How celebrities sell their stuff without a yard sale -- and how you can shop their homes

How celebrities sell their stuff without a yard sale -- and how you can shop their homes

It's a timeworn pattern: You decide to move to a new pad, and you realize you've accumulated an awful lot of stuff you don't need. Perfect time to wipe the slate clean. Yard sale!

But what if you're a celebrity on the move? You wouldn't mind making a few bucks off that perfectly good cabinet that just doesn't fit in your new home; maybe you'd donate the proceeds to charity. But you can't exactly post an ad on Craigslist and dump all your stuff on the lawn. Even if you weren't worried about security, what would the neighbors say?

Drew Barrymore parted with this vintage typewriter.
Drew Barrymore parted with this vintage typewriter.

If you're an extra-fancy celeb, then Christie's or Sotheby's might be an option, but they're so formal. Estate sales aren't what you're going for, either; you're not liquidating a whole household.

Enter One Kings Lane, the home shopping website. It's become the go-to site for stars who have valuable possessions they'd like to shed, but no obvious way to sell them. Recent completed sales include items from Drew Barrymore, Patrick Dempsey, Diane Keaton and the inimitable designer Iris Apfel, who has amassed quite a collection in her 90-plus years.

Right now through Sunday, One Kings Lane is running a sale of decor from the family home that actor/director Ron Howard and his wife, Cheryl, just sold for a record-breaking price. (Click here or on an image for a slideshow of some Howard items for sale, including pictures of items as they appeared in the home.)

One Kings Lane co-founder Susan Feldman tells Yahoo Homes that the celebrity sales are part of the site's evolution. OKL launched in March 2009 with daily events selling branded merchandise, often at a discount, for a brief time. The media calls them flash sales, but "we don't use the F-word anymore," Feldman says.

Patrick Dempsey and his wife, Jillian, sold items including their collection of the Southwest Blue Book, a social registry.
Patrick Dempsey and his wife, Jillian, sold items including their collection of the Southwest Blue Book, a social registry.

The next year, OKL held its first Tastemaker Tag Sale with designer Nathan Turner. The idea was that customers might not be able to hire a big-name designer, but they could shop the style through highly curated offerings -- particularly one-of-a-kind items, perhaps made by the designer or discovered on trips to far-flung countries.
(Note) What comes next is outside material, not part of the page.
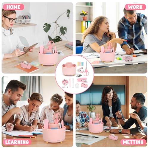 - [✂️High-quality Material]The pen pot, tape dispenser, stapler and stapler set, etc, which is made of high-quality material,crafted with carefully. Our pen pot features a 360 degree rotating function, there are 5 slots for you to organise and manage your items, making your desktop neat and tidy.

The Turner sale was a "huge success," Feldman said. "Designers started coming in droves wanting to do something on the site." So One Kings Lane started brainstorming: Now what?

The answers rolled in. Destination sales -- "places people can't get to." One Kings Lane started traveling around the world with their tastemakers, gaining entree to "all these great vintage dealers." These led to "other fun initiatives," Feldman said: sales from movie sets like "Maleficent" (a real coup because it was Disney, which tightly controls its brand). Estate sales. And anything else that brought to OKL "really interesting access to products you could not otherwise get." Designers and sellers could "bring it to life on One Kings Lane," she said.
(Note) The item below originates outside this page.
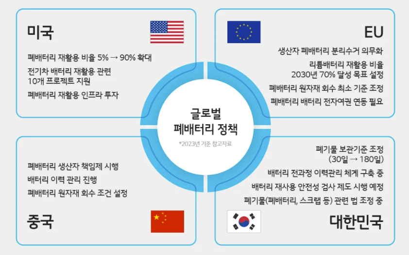 - EU 배터리법 '24년 2월 18일 시행되어 '30년부터 재활용 원재료 비율 코발트 12%, 납 85%, 리튬 4%, 니켈 4% 등으로 설정 (EU베터리법 원문)

Cheryl and Ron Howard with the piece that she'll have the hardest time relinquishing (Guess I'll just have to sit on his lap!). Click any photo for a slideshow to find out why.
Cheryl and Ron Howard with the piece that she'll have the hardest time relinquishing (Guess I'll just have to sit on his lap!). Click any photo for a slideshow to find out why.

Celebrities were a logical offshoot of that strategy, said Feldman; "they're tastemakers, obviously, in their own right." Stars now often seek out One Kings Lane because "we do such a great job of presenting them, their brand, their aesthetic, telling their story," she said, describing their thought process this way: "Oh my god, I love One Kings Lane! I have all this stuff I want to sell!"

For celebrities, as for everyone else, "home is an expression of who you are," Feldman said, and she's discovered that most of the stars whom OKL has worked with are design aficionados who "really love their homes" and put a lot of effort into decorating. OKL offers a "huge marketing platform" for tastemakers to publicize their brand, putting it into a context that's personable and unintimidating to the customer.